The AVR studio 4 help has a nice picture gallery of the major tools Atmel
makes.  In AVR Studio, go to Help--AVR Tools User guide.

The Dragon Board:

I was a bit surprised to find that it takes "User assembly with user parts"
to make it work to any extent for programming parts over the USB port.

Of course, with ZIF sockets costing nearly half of what the entire board costs,
and considering that In System Programming (ISP) is really better, it is understandable
that Atmel let the user populate this part of the board.

First, the "Prototyping area" is not a prototyping area.  It's a pair of socket footprints
for both .300" (up to 28-pin) and .600" (up to 40-pin) parts.  Soldering a ZIF socket
is probably a good idea if you want to program parts that aren't installed on a board.
Anyway, there is no socket, so you will have to solder one in be it ZIF or otherwise.

Second, the "Prototyping area" is not connected to anything but a 40-pin .1" DIP header.
That's not installed either, you have to buy one and solder it in.
If you want to program parts on the dragon board, you must jumper the 40-pin header
to the programming ports provided on the board.

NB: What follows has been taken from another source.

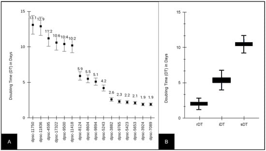 Doubling time (DT) of experimental DPSC isolates (n = 16). (A) Slow doubling times or sDT (10.2 to 13.1 days), intermediate doubling times or iDT (4.2 to 5.9 days) and rapid doubling times or rDT (1.9 to 2.6 days) were observed among the DPSC isolates. (B) rDT DPSC isolate average doubling time was 2.16 ± 0.265 days, which was different from that of the iDT DT, which was 5.18 ± 0.727 days (p = 0.0022), and that of the sDT DT, which was 11.4 ± 1.29 days (p = 0.00011).

The prototype area on an out-of-the-box board looks like this:

In this picture, a 40-pin header connector and a 40-pin DIP socket have been soldered on.

Click image for a 2.3MByte Hi-resolution image.

 

 


This picture comes from the help in AVR Studio.
( Go to Help--AVR Tools User Guide--Click on Dragon image--Using the AVR programming area)

A jumpered board.

I have found, however, that if you just solder a 6-pin .1" DIP header on your target
board and connect it into the programming port pins, you can do in-system programming
(ISP) which is by far the most convenient for development.

My advice:  The ZIF socket really isn't worth it unless you must program parts
off the board.  ISP is the way to go.